On Secession: Of State Rights

(third in a series)

I must confess that I have never quite understood the emphasis some people place on state rights as the issue that caused secession.  My disbelief rests upon a very simple reason: state rights are a means to an end, not an end in itself.  Debates over federalism (which is really the structural issue at the heart of this debate over political institutions) were as old as the republic itself, and various sides could use state rights or national supremacy arguments according to which one best served their interests.  Thomas Jefferson was very much in favor of restricting the power of the national government in the 1790s, when he was on the outside looking in when it came to first policy (when he was secretary of state), then power (as head of the opposition).  As president, he seems to have employed a far more vigorous sense of national power, especially presidential power, as the cases of the Louisiana Purchase, the Barbary Pirates, and the Embargo Act suggest.

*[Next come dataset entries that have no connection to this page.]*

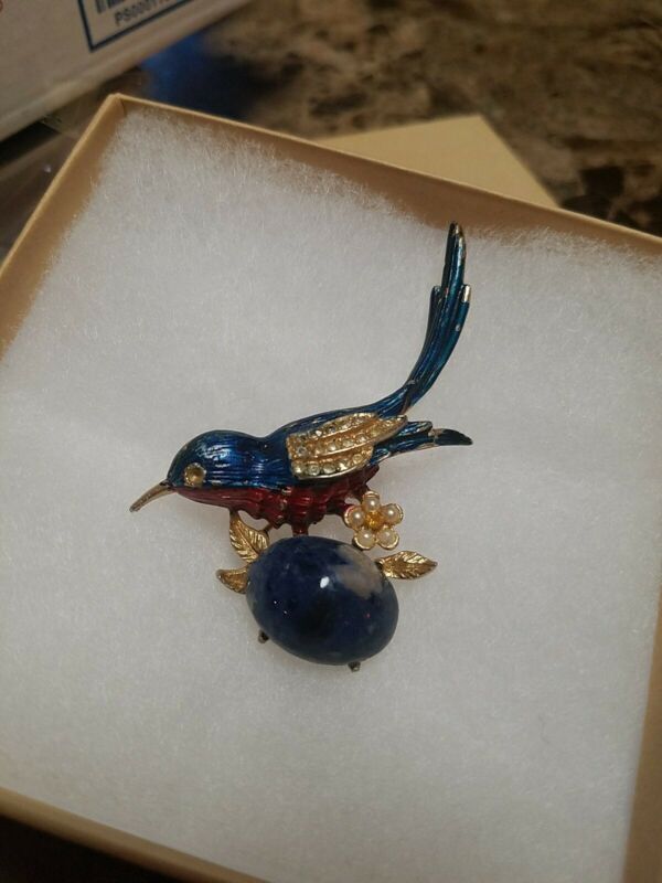 Title (ebay affiliate link): Beautiful Antique Large Robin with Blue Lapis Egg, Seed Pearl, and Rhinestones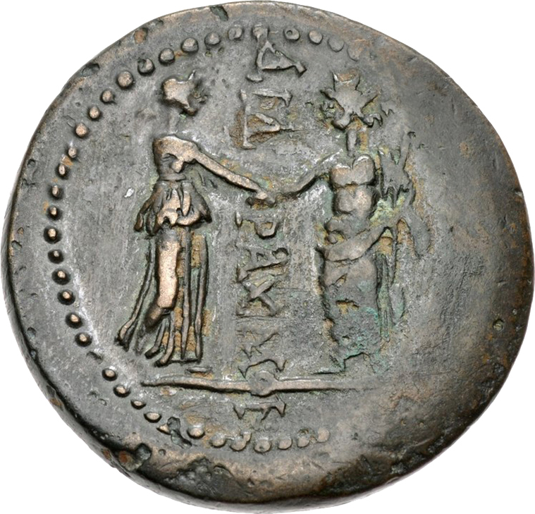 Helios on l., and Rhodos on r.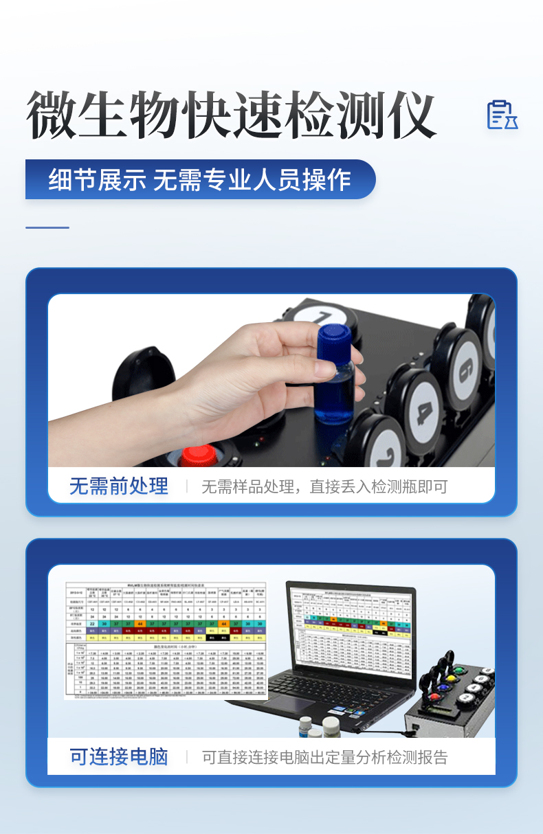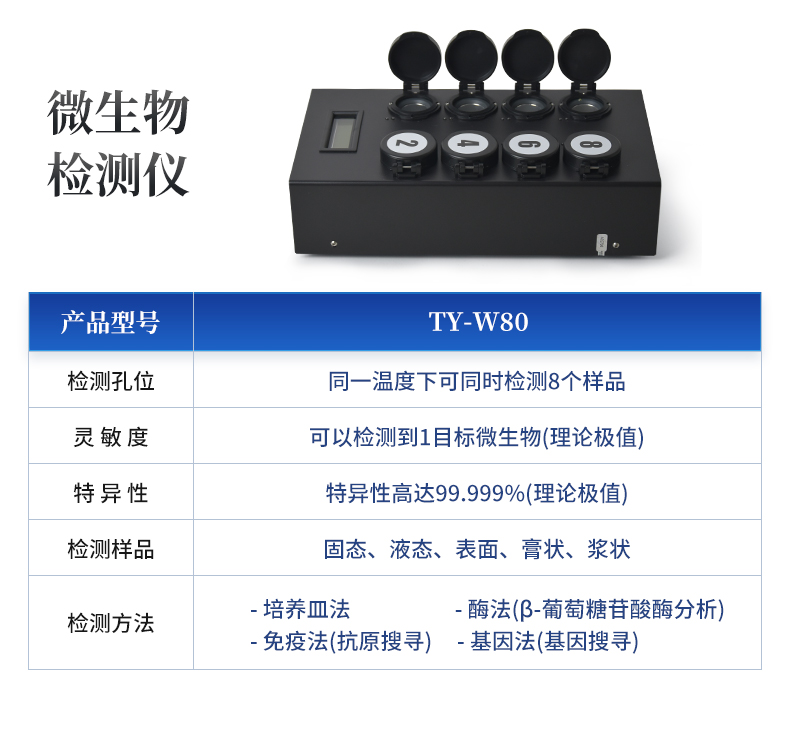 微生物檢測(cè)儀集合培養(yǎng)皿法、酶法(β-葡萄糖苷酸酶分析)、免疫法(抗原搜尋)及基因法(基因搜尋)等技術(shù)的優(yōu)點(diǎn)于一身,檢測(cè)速度較國(guó)標(biāo)法短

The Fugitive Slave Law of 1850 expended the bureaucracy of the federal government to enforce the fugitive slave clause and employed a process that cast aside basic civil rights.  Just as northern states had earlier used state rights defenses to pass personal liberty laws, so they again looked to contest the use of federal power in resisting the Fugitive Slave Law, culminating in the Supreme Court decision of Ableman v. Booth in 1859, which struck down Wisconsin’s efforts to employ state rights defenses against the Fugitive Slave Law.  John Brown’s raid that same year targeted a federal installation.  That followed on the heels of an effort to enact a federal slave code for the territories, and to offer an interpretation of popular sovereignty which defined self-determination in the territories in such a way as to enhance slavery’s prospects to spread.  American foreign policy had done much to obtain land that served to promote the expansion of slavery, and to fight wars to secure that same goal.  In short, proslavery southerners had no problem using federal power to protect and promote slavery.